I believe that the PERSIST-2 data show the benefit of pacritinib 200 mg BID with a reasonable toxicity profile and minimal detrimental effect on the platelet count. This could be the initial approved indication, and perhaps further studies could be completed to demonstrate safety and efficacy at doses below 200 mg BID, with a goal to expand the approval for second line after 1) inability to tolerate ruxolitinib due to thrombocytopenia or 2) loss of initial response to ruxolitinib therapy. The full clinical hold placed on all pacritinib studies in February 2016 was due to the concern by the FDA of an increased risk of bleeding and cardiovascular events with pacritinib coupled with survival curves from PERSIST-1 that appeared to indicate worse survival in the pacritinib arm. However, closer analysis at 72-week follow up (presented by Dr. Ruben Mesa at the 2016 ASCO Annual Meeting) demonstrated that the survival curves were the same up to 24 weeks, and then there was a trend toward improved survival with BAT that is likely explained by imbalance, with a greater proportion of pacritinib-treated patients with DIPSS highrisk features such as advanced age, leukocytosis, and circulating blast percentage.
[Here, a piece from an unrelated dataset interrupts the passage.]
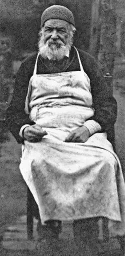 He was born in Horsham on 11 December 1826, the son of William and Ellen Burstow, makers of clay tobacco pipes.[1] He attended school into his teens, sometimes also working part-time for his mother or for a harness maker, until in 1840 he was apprenticed to a shoemaker.[2] Soon afterwards, John Vaughan, his master's father and also the sexton and head bellringer at Horsham parish church, invited him to become one of the bellringers.[3] This was to become a major part of his life, both as an occupation and for evenings spent with his fellow ringers, an occasion for singing, his other main interest. Learning of Horsham's achievements in ringing changes in the late eighteenth century, he became dissatisfied with the current standards of bellringing in Horsham and took to walking to neighbouring villages to ring changes with more skilled groups, particularly in Warnham and Newdigate. By the time he retired from bellringing he would have rung changes in 55 belfries and taught ringing in 15 of them.[4] On 30 April 1855 he married Elizabeth Pratt (1833-1909);[1] he celebrated his wedding day by ringing the church bells all day long with seven other shoemakers.[5] Shoemaking paid poorly, especially as ready made shoes began to undercut the market,[6] and in 1907 Burstow and his wife were facing the prospect of the workhouse. William Albery (1865-1950), a saddler, organized a fund to provide a pension and also collected the Reminiscences, editing them and arranging for their publication to benefit Burstow. He died on 30 January 1916, having lived all his life in Horsham.[1]

Additionally, when looking at the BAT patients who did not cross over to pacritinib (17 patients) there seemed to be a higher frequency of deaths (35%) compared to the cohort that crossed over to pacritinib. Also, attaining a spleen volume reduction of at least 20 percent correlated with improved survival with pacritinib therapy, but not with BAT. There was no significant difference in occurrence of cardiovascular events in these two arms until after 24 weeks, and reasons for death in the BAT arm were more frequently attributed to adverse events. Taken together, pacritinib offers a therapeutic option with a benefit-to-risk ratio that is favorable for patients with low platelets, and attaining a spleen response may predict those patients who are most likely to derive a survival benefit from this novel agent.
Note added in press: On January 5, 2017, CTI BioPharma announced that the FDA’s full clinical hold on trials of pacritinib had been removed.
Conflict of Interests
Dr. Mascarenhas consults and receives research funding from Incyte and Novartis; he receives research funding from CTI BioPharma, Janssen, Roche, and Promedior.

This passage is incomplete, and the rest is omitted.